Di got her tear ducts flushed today and my vet told me to use just Peroxide on her stains. He said that it works really well...I am guessing from everything I have read here that this isn't a good thing...I brought her home and washed her stains with Show-off then used Ice on Ice...I didn't want to use just peroxide unless I was told by people who know that it is okay....


----------



## wagirl98665 (Jan 5, 2006)

> Di got her tear ducts flushed today and my vet told me to use just Peroxide on her stains. He said that it works really well...I am guessing from everything I have read here that this isn't a good thing...I brought her home and washed her stains with Show-off then used Ice on Ice...I didn't want to use just peroxide unless I was told by people who know that it is okay....[/B]

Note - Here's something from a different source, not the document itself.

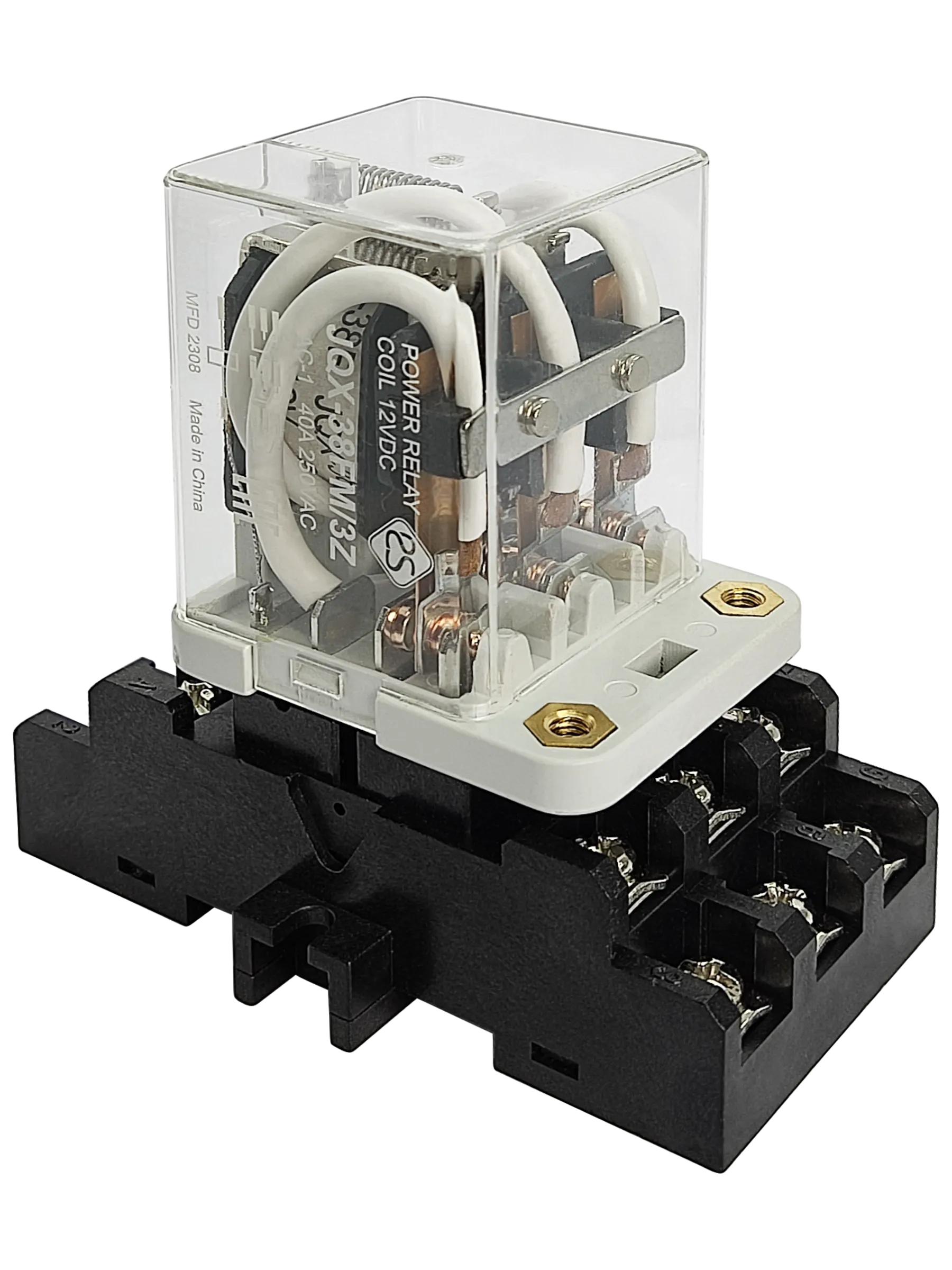 Реле силовое JQX-38FM/3Z 12В DC в сборе с колодкой

Huh, well maybe we have the wrong impression of peroxide because when Mikey had his eye surgery they told me to wash his face with peroxide, no where in the area of where the surgery was done. It was for cleaning the blood off his face. I don't know if that was because of the surgery or if it's just a standard washing solution.


----------



## MissMelanie (Feb 13, 2006)

When we got Sir Micro our Vet suggested to wash his stains with 1 part water and 2 parts peroxide. We did this for about 3 months with very little change, henceforth we went on the big hunt for something better.

GOOD luck!
Melanie


----------



## Dove (Feb 12, 2006)

> When we got Sir Micro our Vet suggested to wash his stains with 1 part water and 2 parts peroxide. We did this for about 3 months with very little change, henceforth we went on the big hunt for something better.
> 
> GOOD luck!
> Melanie[/B]


And what have you found to work the best???


----------



## I found nemo (Feb 23, 2006)

Why is it some malts stain and others don't? Nemo was staining for very little and then it went away, but it was very little never alot..If you rule out a medical problem like an ear infection or so on, then why do they still stain??


Just Wondering!
Andrea~


----------



## Dove (Feb 12, 2006)

> > index.php?act=findpost&pid=220972
> 
> 
> 
> ...



Hmmm well maybe we do 3 different vets have said to use it...one mixed with water and without success but never the less told to use it....But then they might only be concerned with stains and not with how dry it might make the hair...


----------



## carrie (Aug 24, 2004)

when mas was younger, i used just straight hydrogen peroxide (the kind you get at the drugstore in the brown bottle) on his stains. it worked pretty well for a while. then he stopped staining as much when he quit teething. it's strange, somedays he does a little bit, some days he doesn't (PICTURE DAY! LOL!). now i just rinse his stained area with collyrium and it just about completely eliminates it!


----------



## charmypoo (Sep 11, 2004)

When using peroxide (mixed with water), you have to be careful not to get it in the eyes but I am sure you know that already. It can also be very drying and you need to condition condition condition! I had some success with peroxide but I gave up on it a while ago. I am lucky that my kids don't stain much.


----------



## Julie718 (Feb 17, 2006)

Tango has tear stains. My breeder suggested putting on corn starch to bleach the tear stains. It works just okay. I might get some peroxide and try that. I just hope that once Tango gets a little older he won't have tear stains. I hate that he has tear stains.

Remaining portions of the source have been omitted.